Having a dog who is well adjusted and confident can even go as far as to save his life one day. According to the American Veterinary Society of Animal Behavior, improper socialization can lead to behavior problems later in life. The organization’s position statement on socialization reads: “Behavioral issues, not infectious diseases, are the number one cause of death for dogs under three years of age.” Start taking your dog out to public places once your veterinarian says it is safe, and he’ll learn to behave in a variety of situations and to enjoy interacting with different people. Read AVSAB’s Statement on Puppy Socialization prior to vaccination.
Download Dr. Yin’s Puppy Socialization Checklist
Training Your Puppy
START HERE: Video: The 5 Cardinal Rules of Puppy Training and the 6 Rules for Good Dog Behavior by Pia Silvani (CPDT-KA, CCBC)
AVSAB’s Guide for Choosing a Trainer
+ What is Positive Reinforcement or Rewards-Based Training?
Dogs repeat behaviors that are rewarding. "Positive" training is simply using rewards to train dogs. In positive training, the goal is to help the dog do the right thing and then reward him for it, rather than punishing him for doing the wrong thing. Rewards are withheld for undesired behavior.

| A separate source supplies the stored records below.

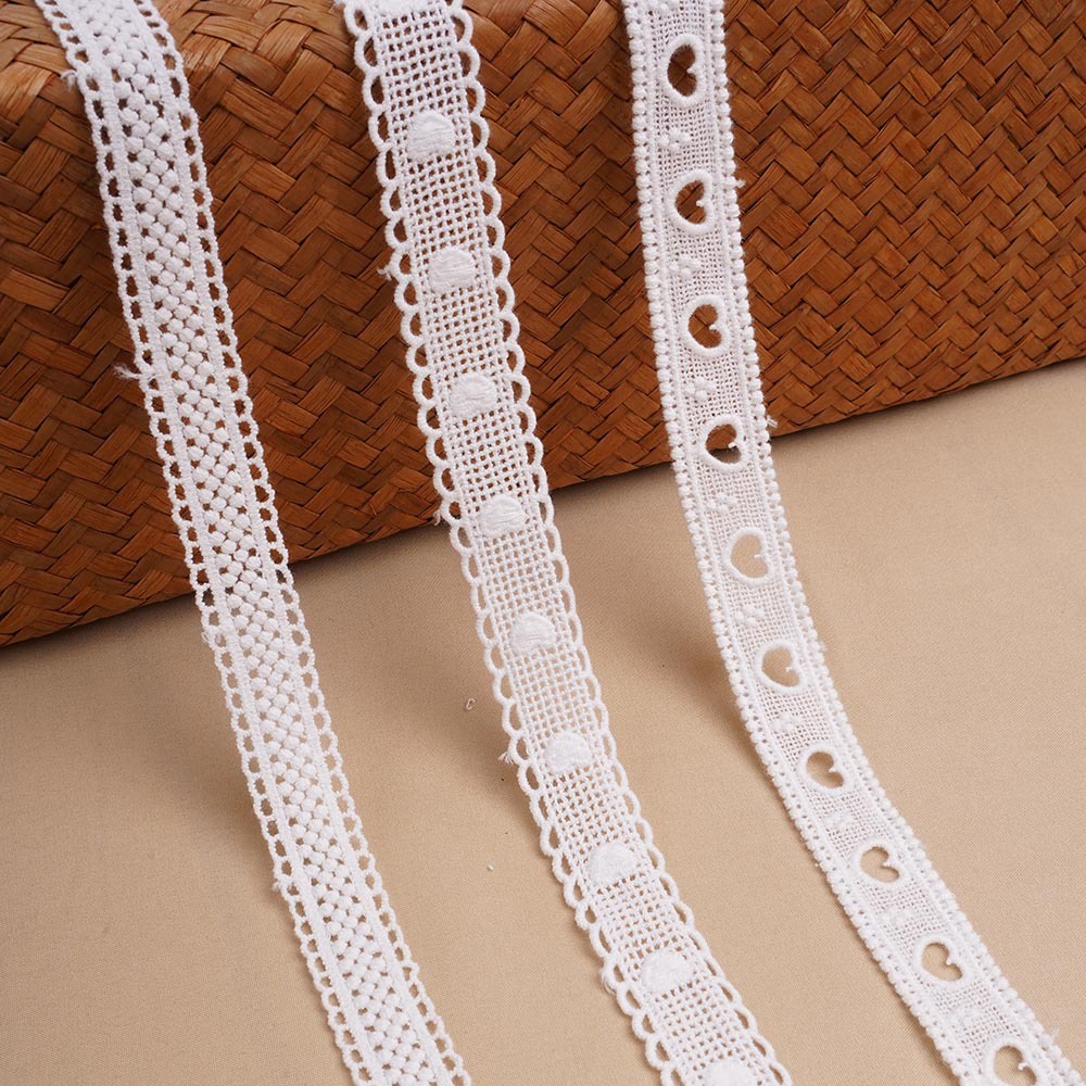 1 Meter DIY White Lace Trim Embroidery Cotton Thread Flowers Love Double Lock lace For Crafts Sewing Accessories Ribbon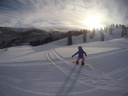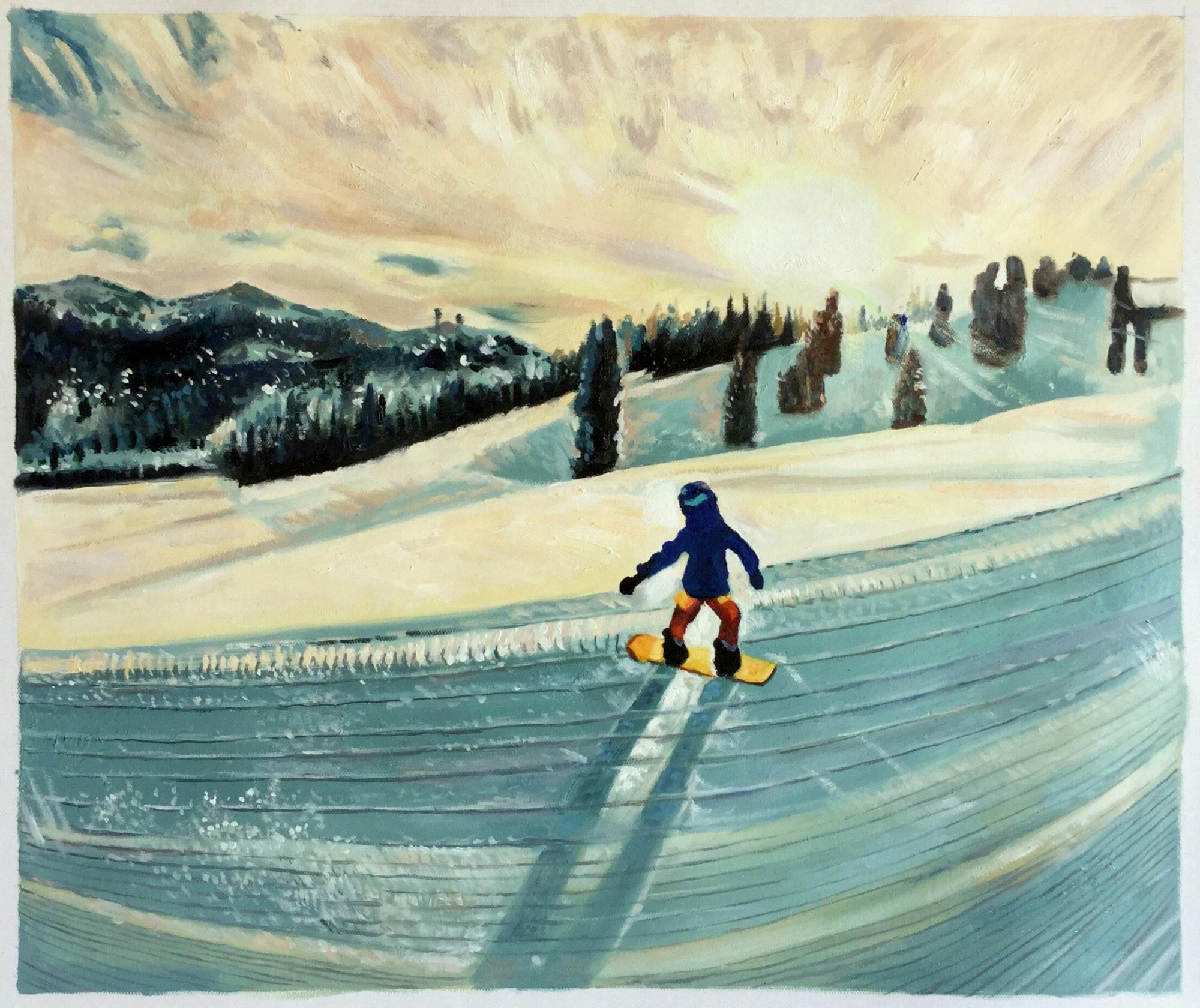 There is a set of ski tracks that begins in the lower right corner of the image and extends ahead of the snowboarder into the snow in the center left of the image. If it is possible to eliminate those tracks, please do so. Thank you!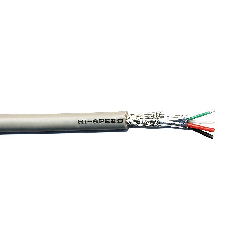 Mit den Adernstärken AWG28/1P und AWG24/2C, d.h. mit einem dickern Adernpaar für die 5V-Stromversorgung, entspricht das Material den Anforderungen der USB-Norm und ist für die Konfektionierung max. 5m langer USB-Kabel geeignet. Die Datenleitungen (AWG28/1P) sind paarig verdrillt.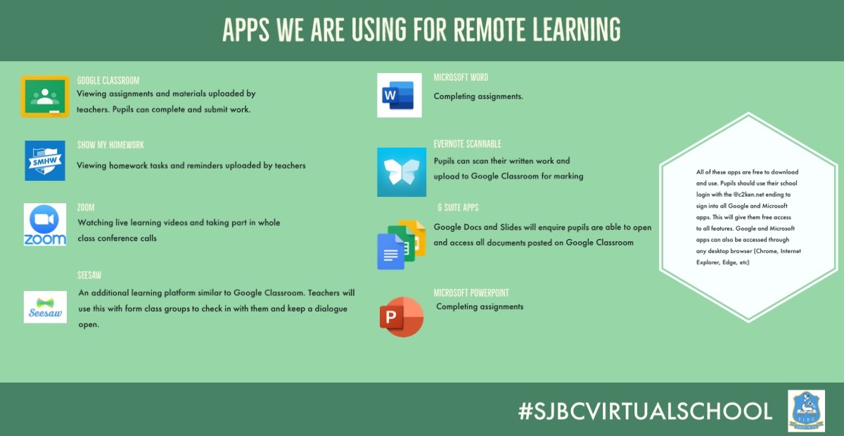 All pupils can access the full Microsoft Office suite of apps at home for free using their school login. See the infographic for guidance: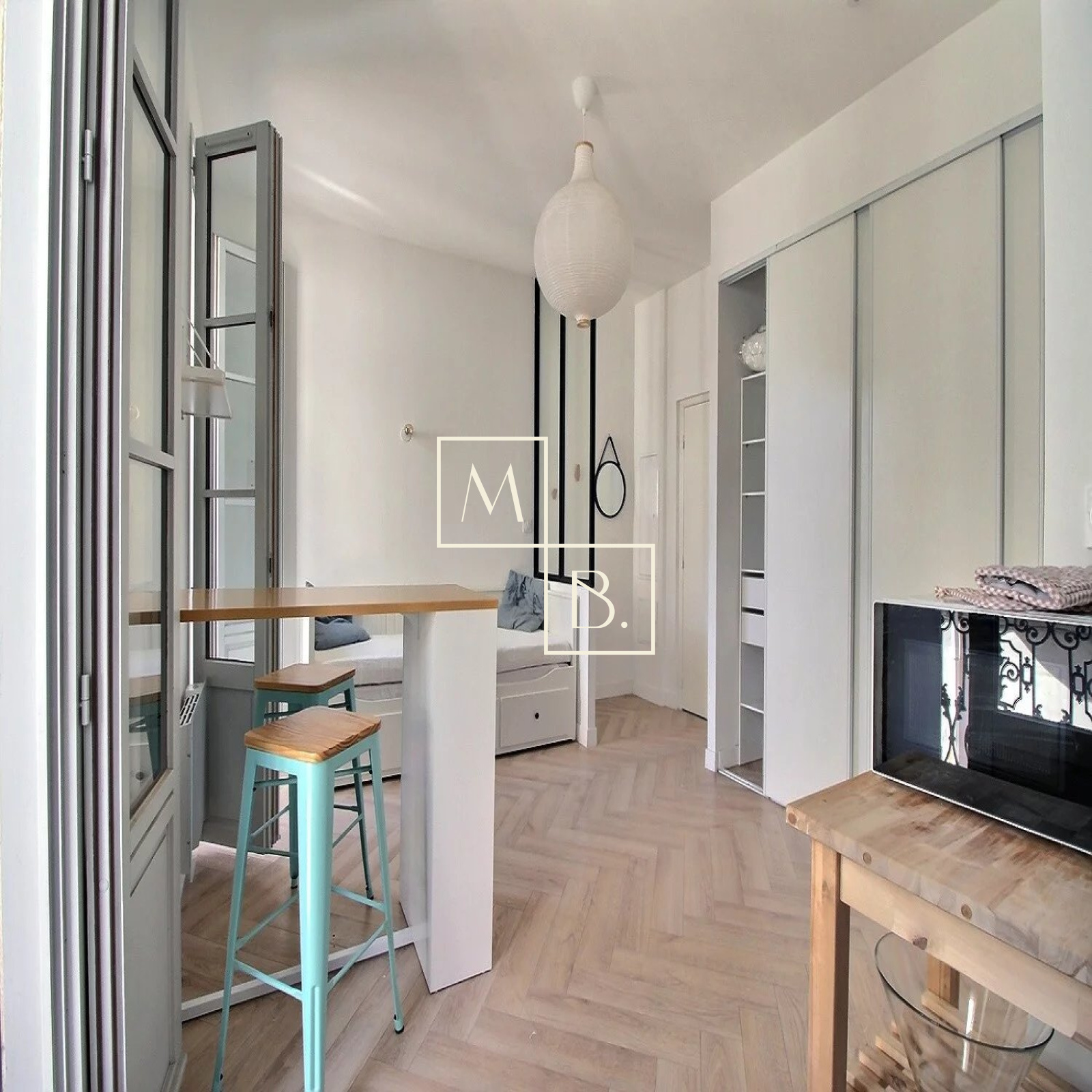 Appartement T1 meublé en très bon état de 21,58m² habitable, situé au 1ème étage sans ascenseur et comprenant: une pièce de vie lumineuse, grand placard (avec machine à laver), coin cuisine aménagée/équipée (plaque, hotte, four et frigo) donnant accès à deux petits balcons et une salle de douche avec WC.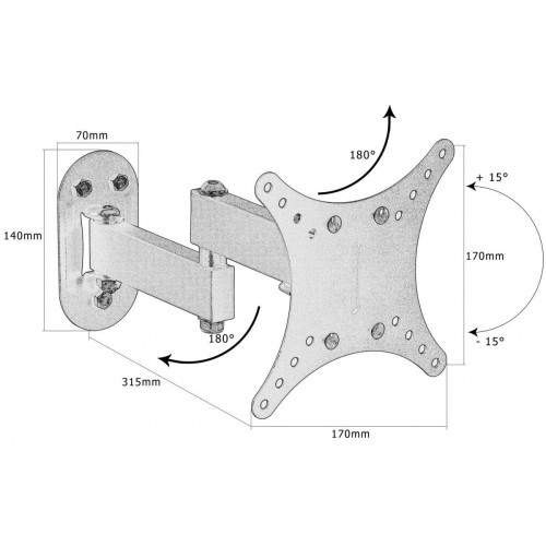 Tento nástenný držiak je vhodný pre 30-palcové LCD monitory a televízory. Doporučené zaťaženie podľa testovania TÜV SÜD GS je 12 kg. Nástenný držiak je dodávaný s vodováhou, aby bolo zaistené presné zarovnanie. V sade nájdete všetko potrebné príslušenstvo - skrutky, podložky a pod. Kladieme veľký dôraz na bezpečnosť, preto sú použité kvalitné skrutky triedy 8.8, ktoré sú súčasťou balenia.

Why does Lu's Labs require positive reinforcement training in their contracts? Simply put - it's best for your dog. Aversives are not more effective and they pose serious risks to your dog's physical, mental, and emotional welfare - in addition to eroding your relationship with your dog.
Positive reinforcement in dog training can go by many names: reward-based training, science-based training, force-free or pain-free training, etc. Regardless of the terminology, the general theory behind this line of thinking remains the same.
Positive-reinforcement teaching techniques use non confrontational methods to work a dog’s brain – rewarding positive behavior, establishing rituals and training actions that are incompatible with negative behavior, and lessening a dog’s anger and frustration – all while enabling the dog to feel good inside. Decision-making is influenced without the use of force, and the dog’s trust in the owner is not violated through threatening treatment.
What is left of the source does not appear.